* _Stored data_:
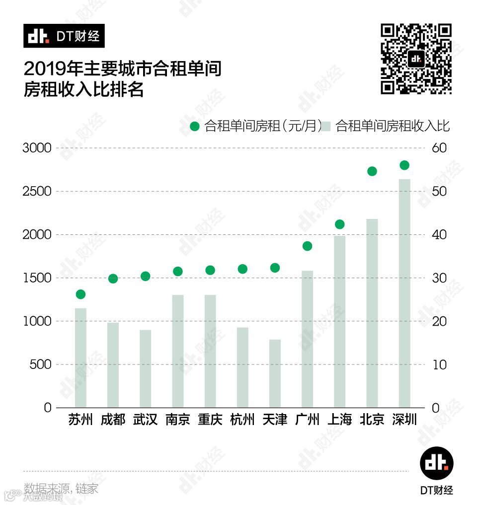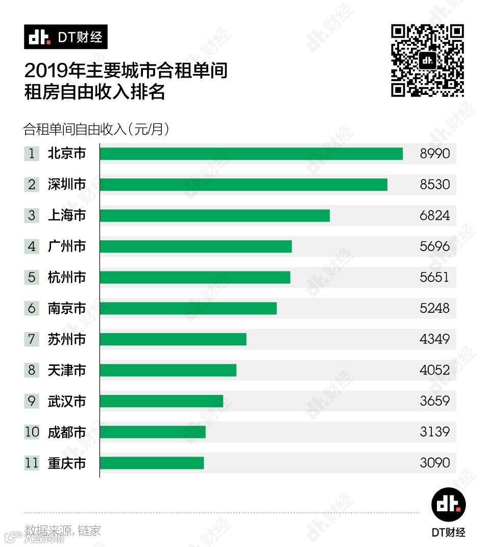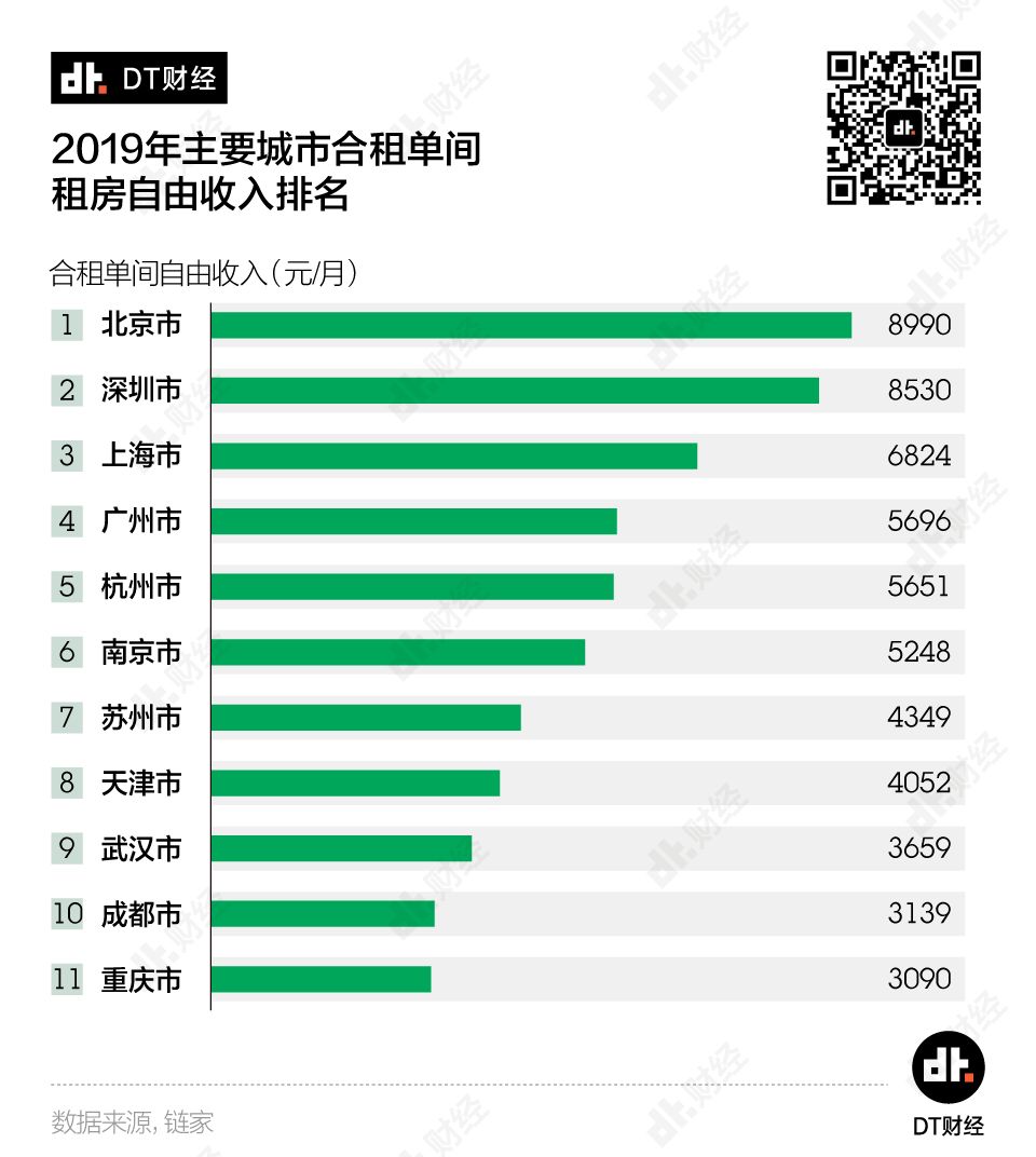 如果选择合租,在北京合租单间的租房自由收入(8990元/月)仅为整租一居室的一半,深圳、上海和广州合租单间的租房自由月收入分别为8530元、6824元以及5696元。可以说,月入5700元就能跨入一线城市合租自由的门槛。
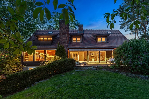 You arrive at the home in a bright and inviting entrance hall. From the entrance you enter the living room, which feels large and airy and has very good natural light from the large window surfaces. Here there is plenty of space for a larger dining table with room for family and friends. The fireplace in the dining room warms well in winter and gives a nice atmosphere to the room. There is also direct access via large sliding doors to the home's green outdoor areas. The property has a very spacious garden, with impeccable sunny conditions and nicely cultivated green areas. There is a terrace both in front and at the back of the house, which provides good opportunities for use. There is also a great outdoor fireplace on the terrace in the garden.
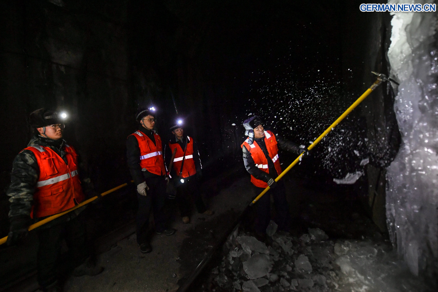 Der Leiter einer Wartungsmannschaft (erster von rechts) demonstriert Techniken zum Eisbrechen in einem Eisenbahntunnel in der Provinz Shanxi in Nordchina, 3. Februar 2026. (Xinhua/Cao Yang)
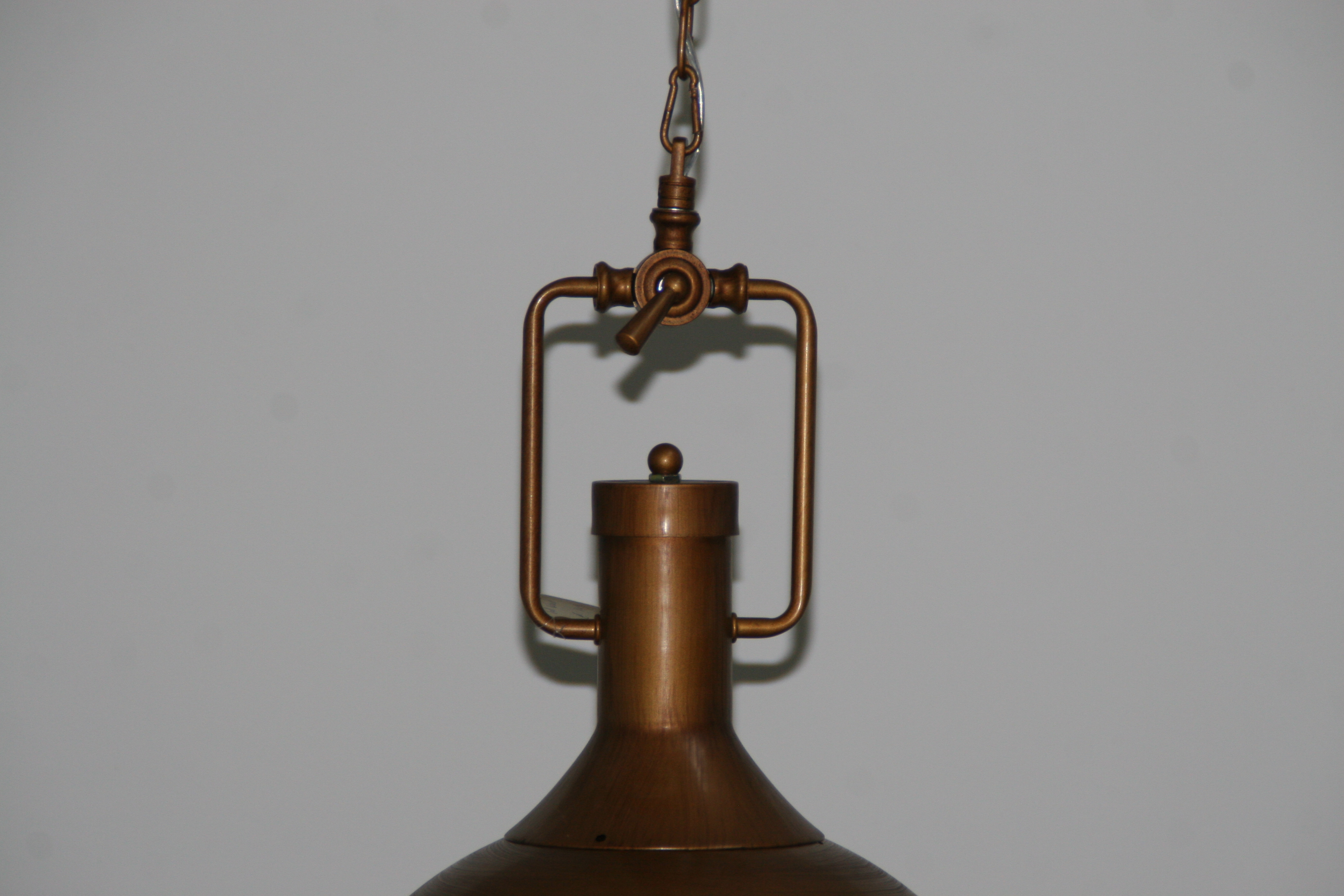 85002-45, hanglamp vintage hout/brons look, dia 45cm, hoogte 50 cm…150 cm, 1 x e27 max 60w, met glasplaat aan de onderkant.
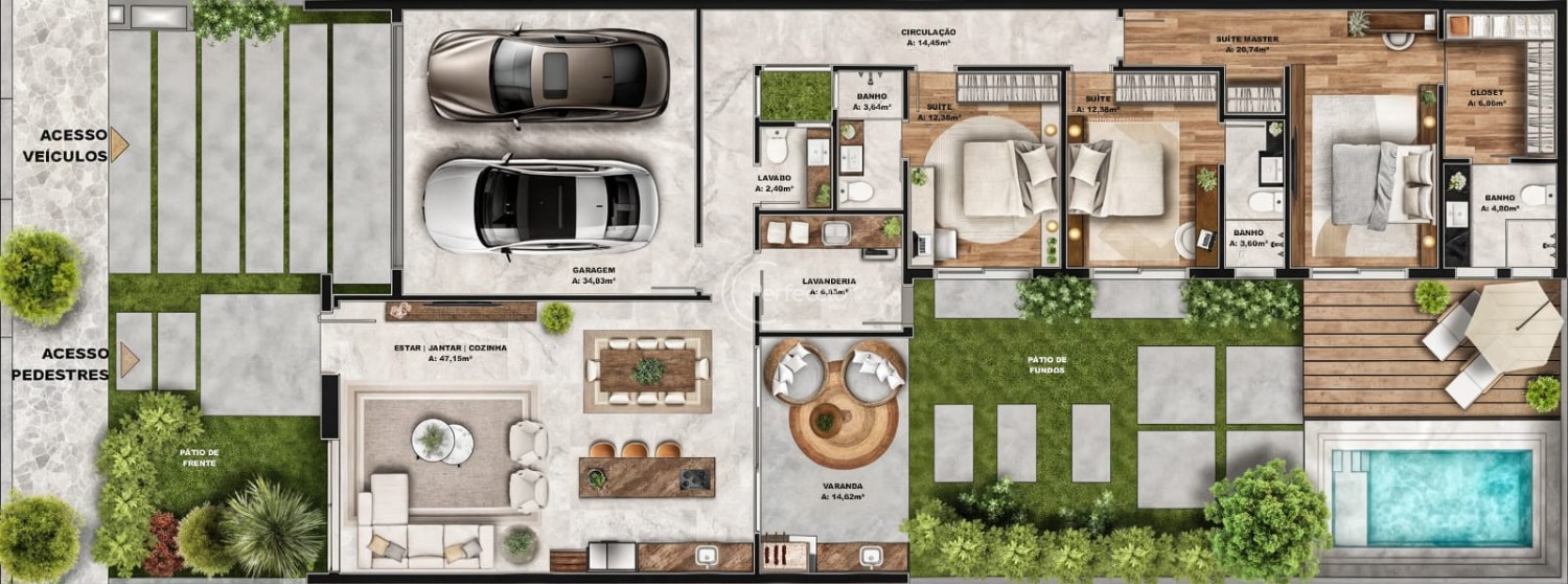 ✔3 suítes sendo uma master
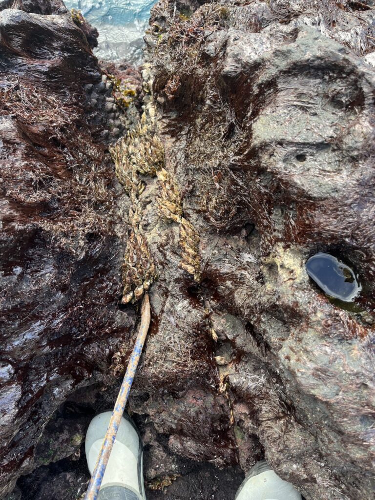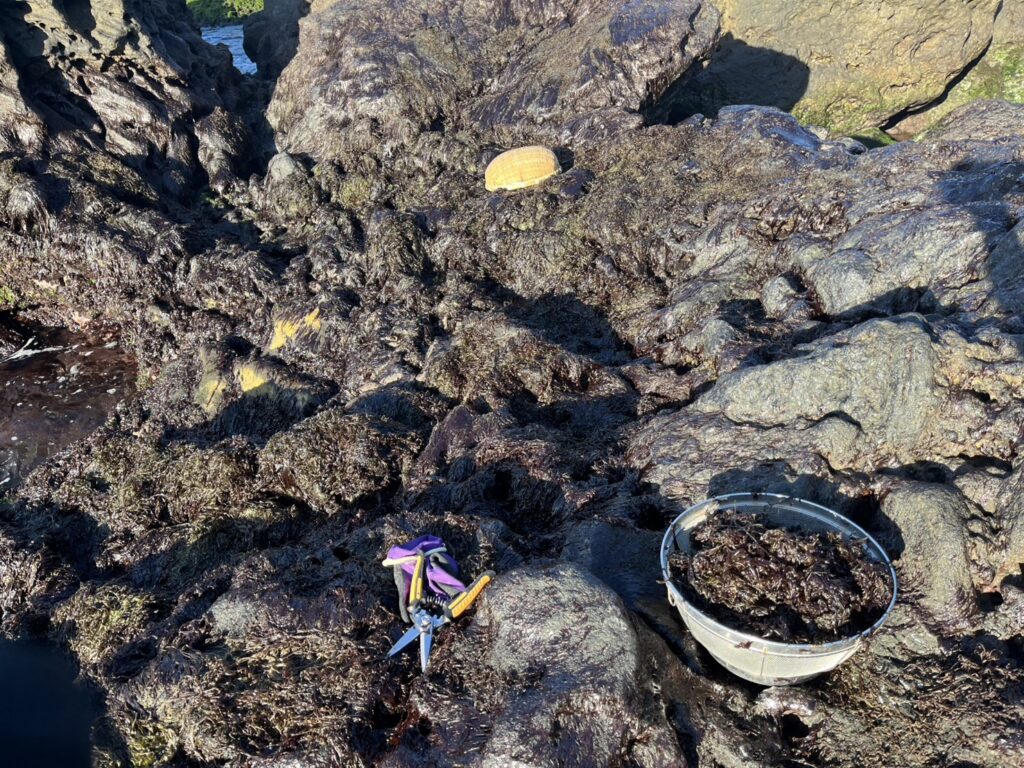 道具はハサミ、手袋、ザルや背負いかご、クーラーボックスです。ハサミで根元を切り落とせば、岩や砂がつかなくて後々の処理が楽ですが、やや、スピードが落ちます。下の動画のように手でむしりとることが多くなります。
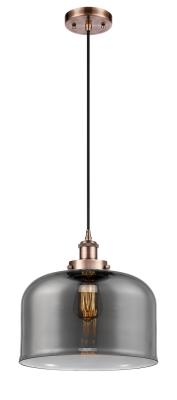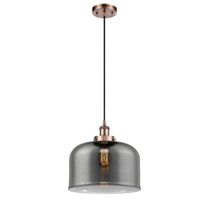 INNOVATIONS LIGHTING 916-1P-AC-G73-L-LED BALLSTON X-LARGE BELL 1 LIGHT 12 INCH PLATED SMOKE GLASS MINI PENDANT,...
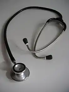 - (medicine) stethoscope (a medical instrument used for listening to sounds produced within the body)
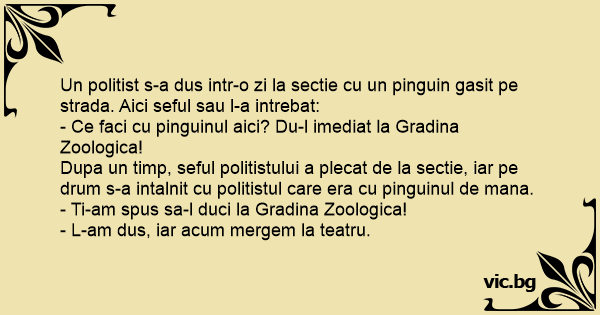 Un politist s-a dus intr-o zi la sectie cu un pinguin gasit pe strada. Aici seful sau l-a intrebat:
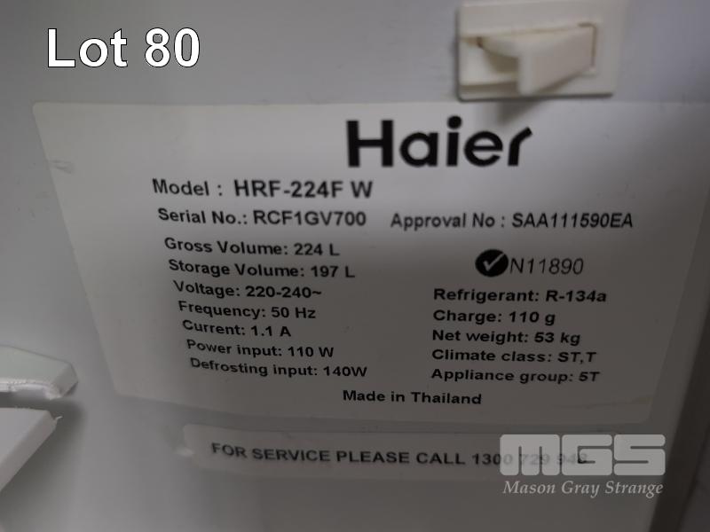 1 X HAIER 224 LITRE UPRIGHT REFRIGERATOR. MODEL HRF-224F W.
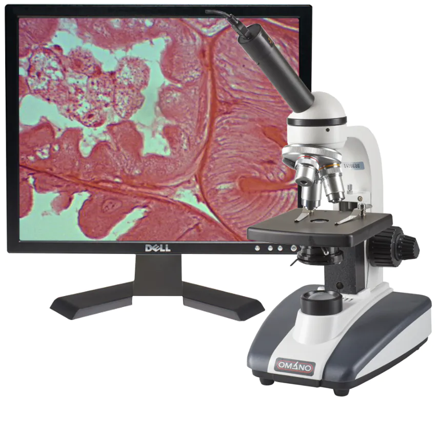 This special offer combines our most popular Omano OM136 monocular microscope and our easy-to-use Optixcam Summit Series KK3 1.3MP digital camera, into an affordable and versatile digital microscopy lab, ideal for the home school or classroom setting. With better design and construction than the OM118 series, it is a microscope that will last a lifetime and accordingly, carries an Omano lifetime limited warranty. Features include professional halogen or rechargeable LED illumination, three fully coated achromatic objective lenses, and an Abbe 1.25 N.A condenser with iris diaphragm.
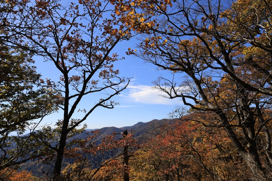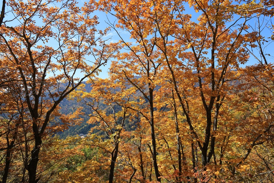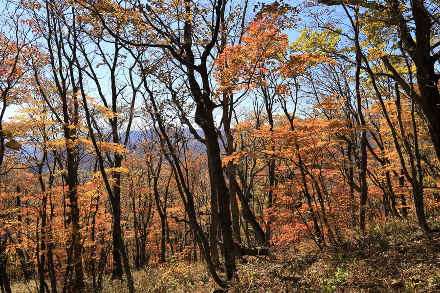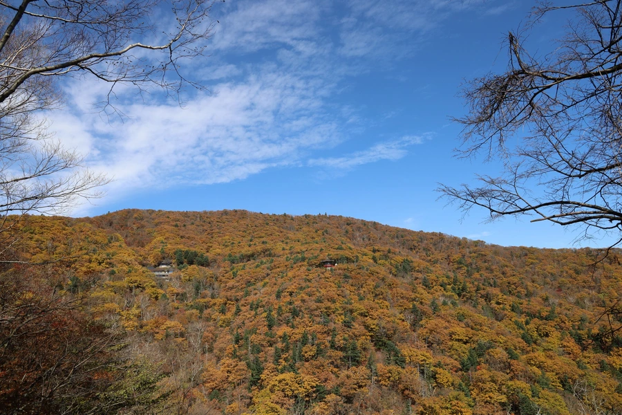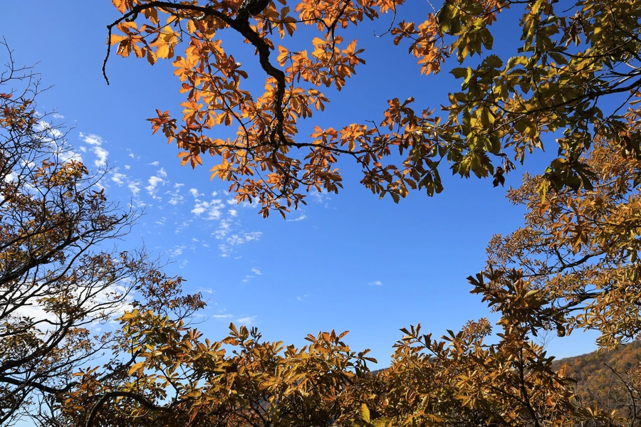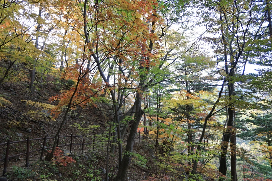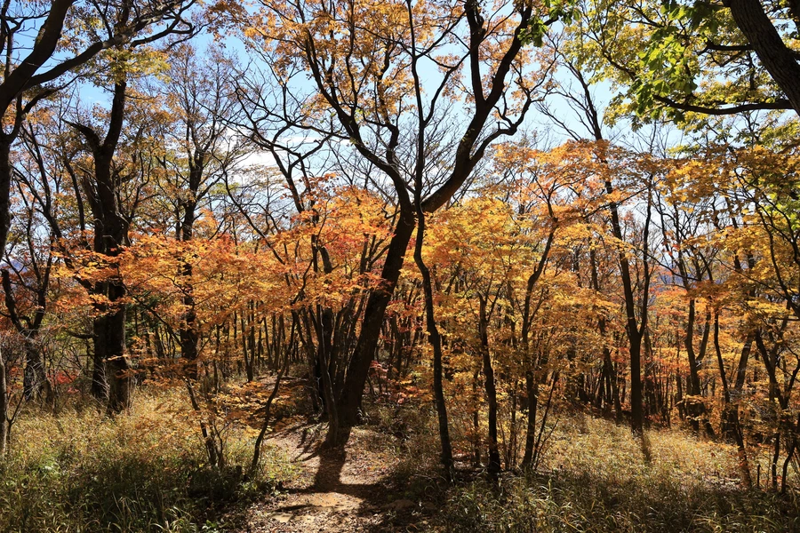 산은 단풍이 절정입니다. 참나무가 많은지 멋진 주황색 단풍색이 아침 햇빛을 받아 제대로 빛나네요.
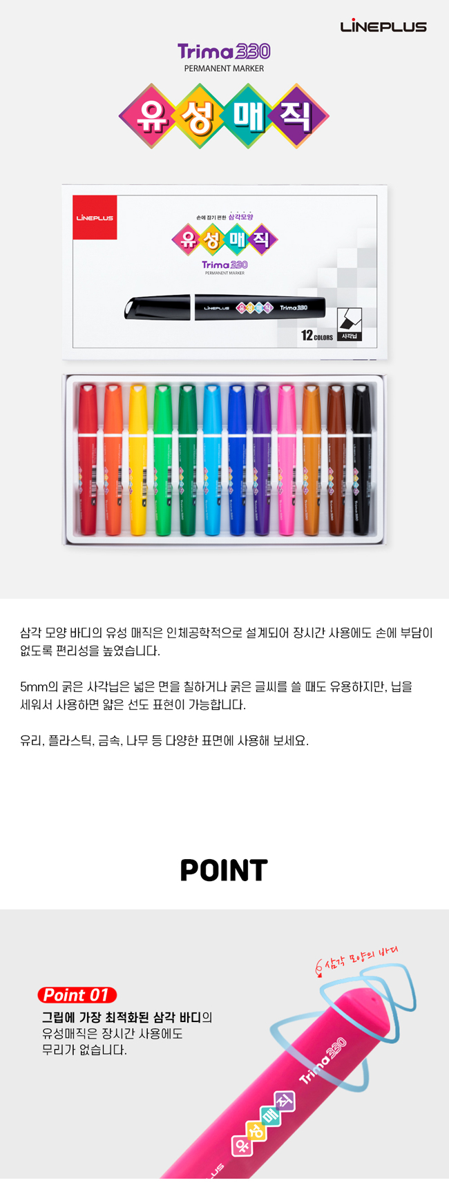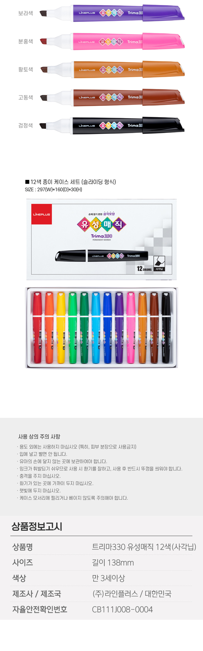라인플러스 트리마330 유성매직 12색 사각닙 요약정보 및 구매
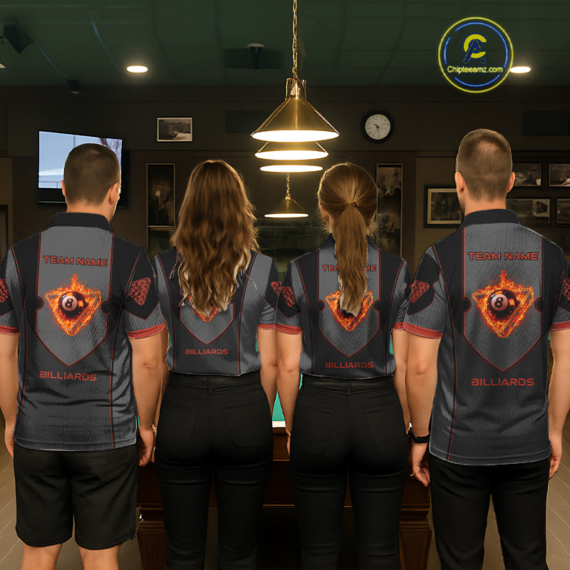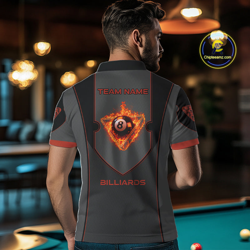 Fire Flame 8 Ball Pool Polo & 1/4-Zip Team Shirt For Men Custom Billiards Ball Apparel|Red NYN2456
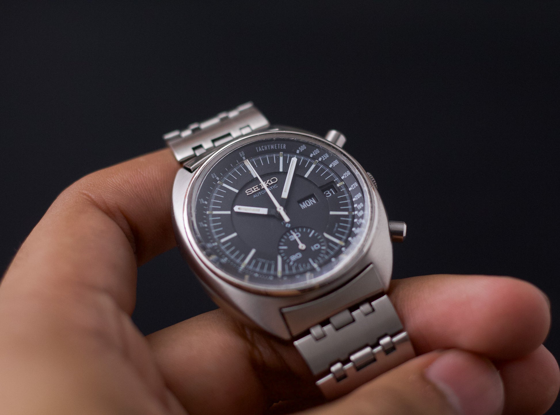 [Serviced] 1972 Seiko Automatic Chronograph 'Baby Speedmaster' Matte Black Dial Men's Wrist-Watch

* _Work to complete_: Each record above needs to be retyped exactly, without any pictures.

* _Task output_:
 如果选择合租,在北京合租单间的租房自由收入(8990元/月)仅为整租一居室的一半,深圳、上海和广州合租单间的租房自由月收入分别为8530元、6824元以及5696元。可以说,月入5700元就能跨入一线城市合租自由的门槛。
 You arrive at the home in a bright and inviting entrance hall. From the entrance you enter the living room, which feels large and airy and has very good natural light from the large window surfaces. Here there is plenty of space for a larger dining table with room for family and friends. The fireplace in the dining room warms well in winter and gives a nice atmosphere to the room. There is also direct access via large sliding doors to the home's green outdoor areas. The property has a very spacious garden, with impeccable sunny conditions and nicely cultivated green areas. There is a terrace both in front and at the back of the house, which provides good opportunities for use. There is also a great outdoor fireplace on the terrace in the garden.
 Der Leiter einer Wartungsmannschaft (erster von rechts) demonstriert Techniken zum Eisbrechen in einem Eisenbahntunnel in der Provinz Shanxi in Nordchina, 3. Februar 2026. (Xinhua/Cao Yang)
 85002-45, hanglamp vintage hout/brons look, dia 45cm, hoogte 50 cm…150 cm, 1 x e27 max 60w, met glasplaat aan de onderkant.
 ✔3 suítes sendo uma master
 道具はハサミ、手袋、ザルや背負いかご、クーラーボックスです。ハサミで根元を切り落とせば、岩や砂がつかなくて後々の処理が楽ですが、やや、スピードが落ちます。下の動画のように手でむしりとることが多くなります。
 INNOVATIONS LIGHTING 916-1P-AC-G73-L-LED BALLSTON X-LARGE BELL 1 LIGHT 12 INCH PLATED SMOKE GLASS MINI PENDANT,...
 - (medicine) stethoscope (a medical instrument used for listening to sounds produced within the body)
 Un politist s-a dus intr-o zi la sectie cu un pinguin gasit pe strada. Aici seful sau l-a intrebat:
 1 X HAIER 224 LITRE UPRIGHT REFRIGERATOR. MODEL HRF-224F W.
 This special offer combines our most popular Omano OM136 monocular microscope and our easy-to-use Optixcam Summit Series KK3 1.3MP digital camera, into an affordable and versatile digital microscopy lab, ideal for the home school or classroom setting. With better design and construction than the OM118 series, it is a microscope that will last a lifetime and accordingly, carries an Omano lifetime limited warranty. Features include professional halogen or rechargeable LED illumination, three fully coated achromatic objective lenses, and an Abbe 1.25 N.A condenser with iris diaphragm.
 산은 단풍이 절정입니다. 참나무가 많은지 멋진 주황색 단풍색이 아침 햇빛을 받아 제대로 빛나네요.
라인플러스 트리마330 유성매직 12색 사각닙 요약정보 및 구매
 Fire Flame 8 Ball Pool Polo & 1/4-Zip Team Shirt For Men Custom Billiards Ball Apparel|Red NYN2456
 [Serviced] 1972 Seiko Automatic Chronograph 'Baby Speedmaster' Matte Black Dial Men's Wrist-Watch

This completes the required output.